Quando alguém precisa dar um imóvel como garantia de uma dívida — seja para comprar outro imóvel, captar recursos para um negócio ou regularizar uma operação financeira —, o ordenamento jurídico brasileiro oferece dois instrumentos principais: a hipoteca e a alienação fiduciária. Ambos servem ao mesmo propósito geral. No entanto, funcionam de forma muito diferente — e essa diferença explica por que, hoje, a alienação fiduciária se tornou o instrumento dominante no Brasil.
Em seguida, este artigo compara hipoteca e alienação fiduciária, explica por que a segunda passou a dominar o mercado a partir dos anos 2000 e mostra em que situações específicas a hipoteca ainda faz sentido. Além disso, aborda o caso típico da confissão de dívida com garantia hipotecária, atendido pelo 20º Cartório de Notas do Itaim Bibi.
Hipoteca e alienação fiduciária: a diferença essencial
Em primeiro lugar, é importante entender que os dois institutos atendem à mesma necessidade econômica: garantir o pagamento de uma dívida com um imóvel.
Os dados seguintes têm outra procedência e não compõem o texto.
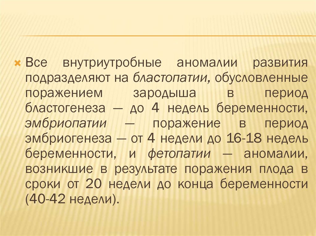 Все внутриутробные аномалии развитияподразделяют на бластопатии, обусловленные
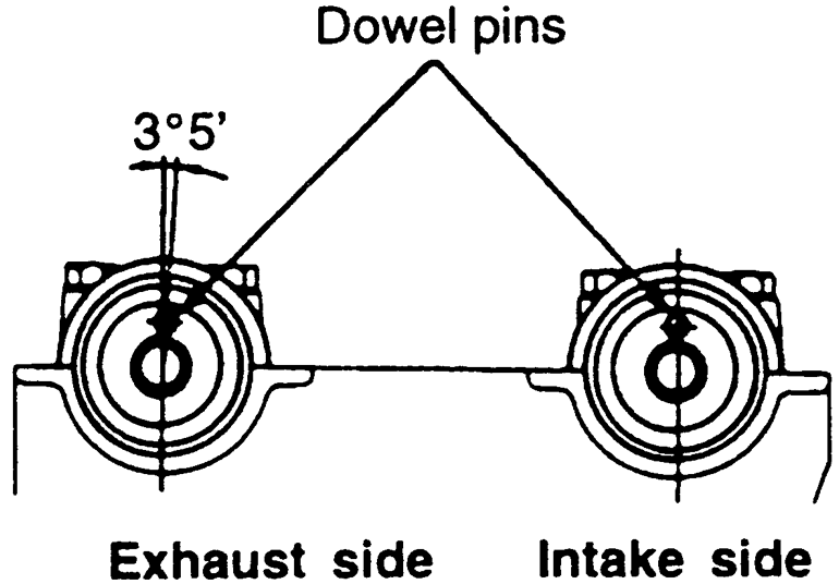 NOTE: Do not confuse the intake camshaft with the exhaust camshaft. The intake camshaft has a split on its rear end for driving the crank angle sensor.
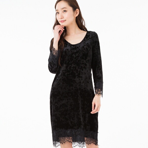 長袖 ベロア 膝丈ワンピース 1 ブラック SWFO225041 レディース

Por outro lado, a diferença está em quem detém a propriedade do bem durante a vigência da garantia.
Como funciona a hipoteca
Na hipoteca, o devedor mantém a propriedade plena do imóvel. Por sua vez, o credor recebe apenas um direito real de garantia sobre o bem, registrado na matrícula. Assim, se o devedor não pagar, o credor precisa ingressar em juízo para executar a garantia — ou seja, propor uma ação de execução, aguardar o processo, levar o bem a leilão judicial e, só então, receber o valor da dívida.
O Código Civil reconhece três modalidades de hipoteca: convencional (acordo entre as partes, registrada em cartório), legal (decorrente de lei, em situações específicas como tutela e curatela) e judicial (resultante de sentença judicial). Dentre elas, a mais comum no comércio é a convencional, que pode incidir sobre imóveis residenciais, comerciais ou industriais.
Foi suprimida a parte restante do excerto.